Editorial: Civil War marker unveiled today to note site of historic Civil War incident

Apr. 04, 2013 @ 11:26 PM

Today is a special day in Sevier County for all who enjoy and study the Civil War. While Sevier County’s role in that historic War Between the States doesn’t rise to the level and significance of other sites, it does contribute to the overall picture.

A new Civil War Marker commemorating the Battle of Fair Garden will be unveiled at 1 p.m. today on the campus of Walters State in Sevierville. The marker will feature historic photographs, a map and written information about the skirmish, which took place east of Sevierville in January 1864.

The marker is included in the Tennessee Civil War Trails program which is part of a five-state trails system that invites the public to explore sites associated with the Civil War.

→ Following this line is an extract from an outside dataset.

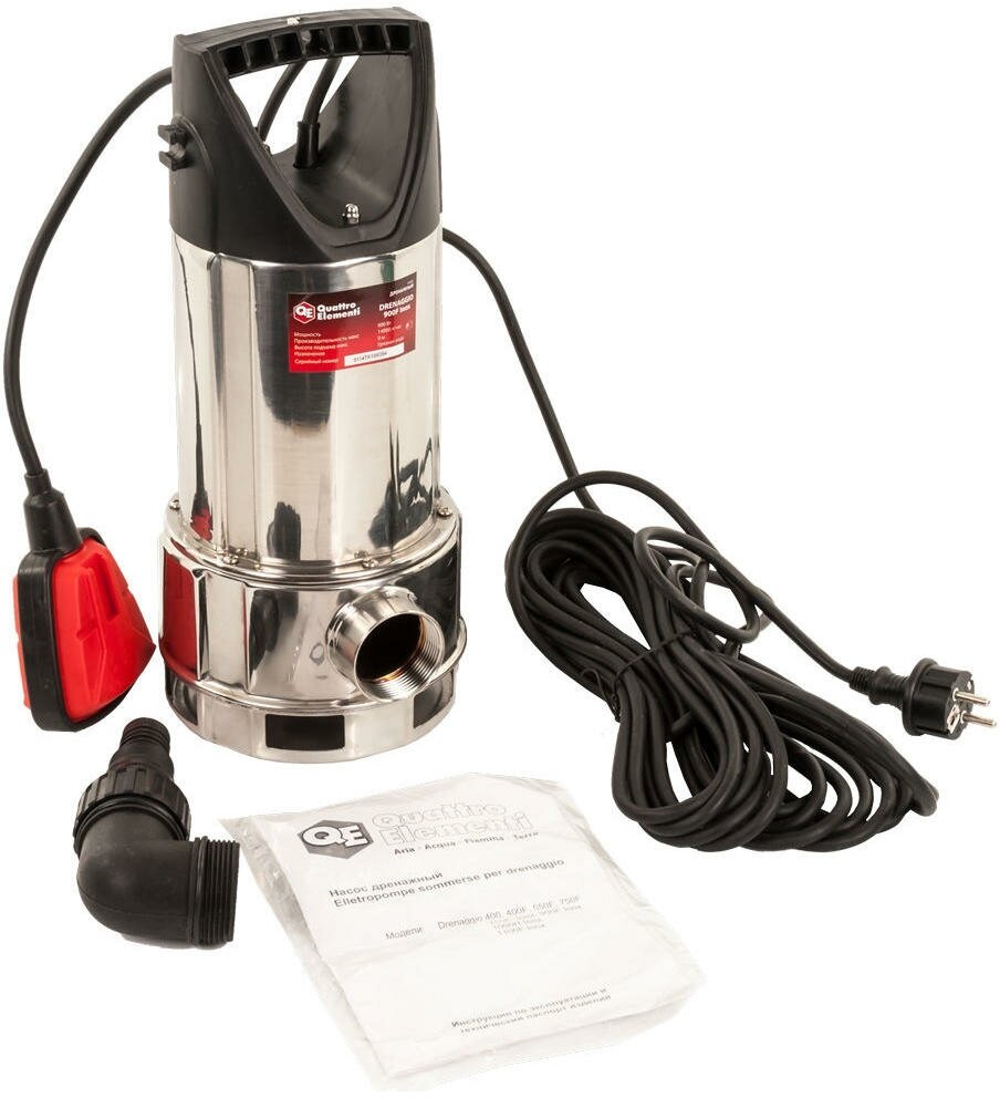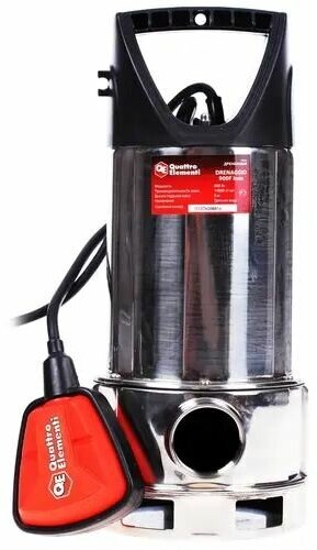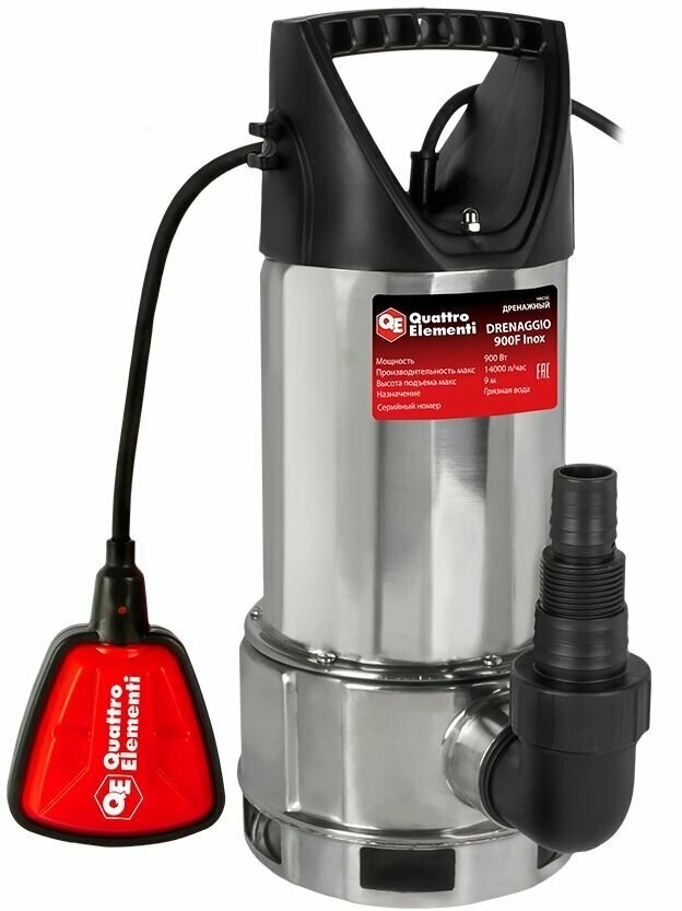 Дренажный насос QUATTRO ELEMENTI Drenaggio 900 F Inox (900 Вт, 14000 л/ч, для грязной, 9 м, 5,45кг, нерж.сталь корпуса)
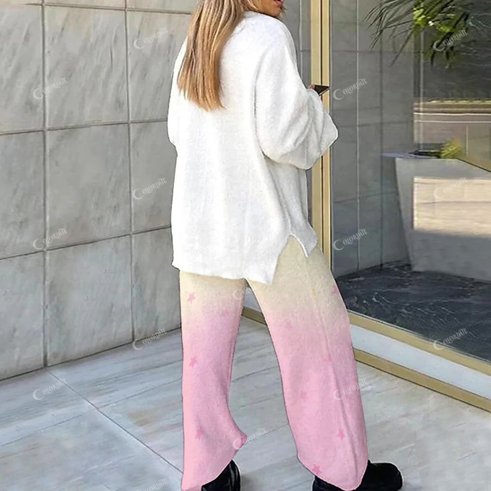 "you can do it" Pattern and Pink-Beige Gradient Loungewear Set For Women

Tourism Commissioner Susan Whitaker and Carroll Van West, director of the Center for Historic Preservation at Middle Tennessee State University, will be joined by local dignitaries to unveil the marker, as part of the annual Sevierville Arbor Day Celebration. Union Gen. Samuel Sturgis will be pictured on the marker, along with Confederate Gen. James Longstreet and Capt. Eli Lilly, who founded the pharmaceutical firm Eli Lilly & Co. in 1876. A photograph of Stewart Dickey’s house will also be shown. Federal troops used the Dickey house as their headquarters, installing a telegraph line from there to their main base in Knoxville.

A map pointing out sites such as Rose Glen Plantation, home of Hodsden, Stewart Dickey’s house, the confederate camp and McNutt’s Bridge (which has since been replaced with the Harrisburg Covered Bridge) will direct visitors to other places in the area associated with the Battle of Fair Garden. Over a period of three days, the battle covered an area of eight miles stretching from Dandridge to the Little Pigeon River. Standing in front of the marker, the reader may observe the spot, on a hillside across the street, where initial combat occurred on Jan. 27, 1864. The marker will also include a brief history of the Battle of Fair Garden.

History buffs, Civil War buffs and others who care about the past and its shaping of our present should attend the ceremony. And thanks to Carroll McMahan of the Chamber of Commerce who, as usual, was at the forefront of a local recognition of historical significance.